Predicting the outcomes of baseball games required a combination of domain knowledge and technical competency. In an age before ubiquitous GPUs, most computation occurred on a laptop. In an age before ready-made Python libraries for deep learning, the choice of algorithm greatly impacted the complexity of the problem. Informed, parsimonious definitions of parameters and architecture required significant a priori knowledge of what drives outcomes on the diamond.

Turns out a childhood spent watching ESPN every morning and perusing a massive, physical tome that was the baseball encyclopedia was not entirely wasteful.

Modernity

Technology has advanced at an exponential pace, especially in the field of machine learning. Now, Keras, TensorFlow, PyTorch, and countless other libraries allow the composition of complex neural networks in short order. Amazon’s elastic cloud service offers near unlimited computational power for costs that even a pizza-and-beer-consuming collegian can manage.

This provides opportunities to replace domain knowledge with raw computational power.

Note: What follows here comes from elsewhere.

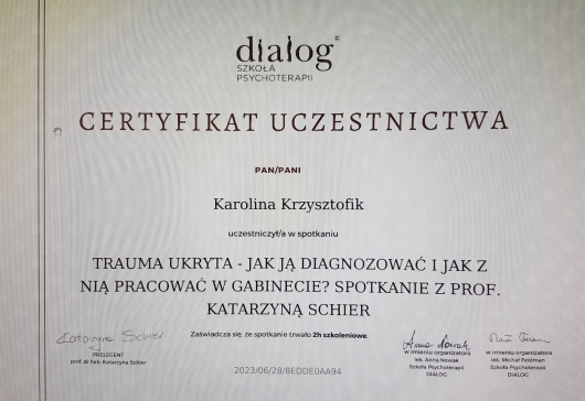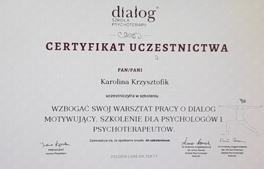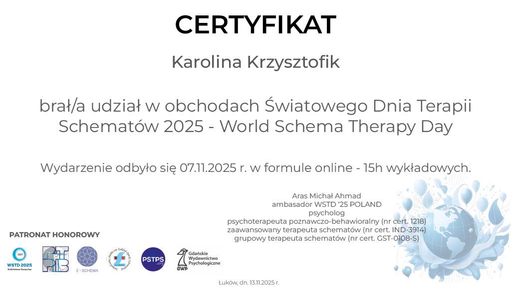 Zapraszam Cię do kontaktu jeśli chcesz dokonać zmian w swoim życiu i potrzebujesz wsparcia w trudnej dla siebie sytuacji. Również jesli doświadczasz nasilonego lęku, zaburzeń nastroju, problemów w relacjach z innymi, niskiego poczucia własnej wartości. Pracuję w nurcie poznawczo- behawioralnym. Jest to jeden z najbardziej przebadanych naukowo pod wzgledem skutecznego działania nurtów w psychoterapii.

Were my friend and I to undertake the same problem in 2022, we could simply gather all available data for hundreds of thousands of historical baseball games, train an artificial neural network with as many layers as are required, and likely would produce an even more accurate model than the one that made us a few bucks in summers long ago.

But this approach has its own limitations.

Robustness

AE is currently developing machine learning algorithms for interpreting neural data. One such application under investigation is “thought-to-text.” A person with chronic paralysis is asked to attempt the motion required to write a letter upon a page. Of course, the paralysis prevents their hand from moving. In the meantime, data is collected from an array of electrodes implanted in their motor cortex. Finally, an algorithm decodes the patterns in neural data to estimate the velocity of their hand, or more precisely, the intended velocity.

Beginning from a specific location, those velocities form lines and curves. Another algorithm attempts to infer, from those lines and curves, the letter the subject intended to draw. Ultimately, large language models can be used to correct the words implied by these characters, revealing the subject’s desired words and sentences.1

But among the challenges in developing algorithms for BCI is robustness across time. Is an algorithm calibrated on a brain today capable of the same level of performance next week? Next month? Next year? Clearly, there are consistent patterns in neural activity that persist over long periods. Knowledge, memories, recognition are all relatively durable. And yet, BCI users are currently required to calibrate the system, a tedious and time consuming process, only to repeat the process just days later.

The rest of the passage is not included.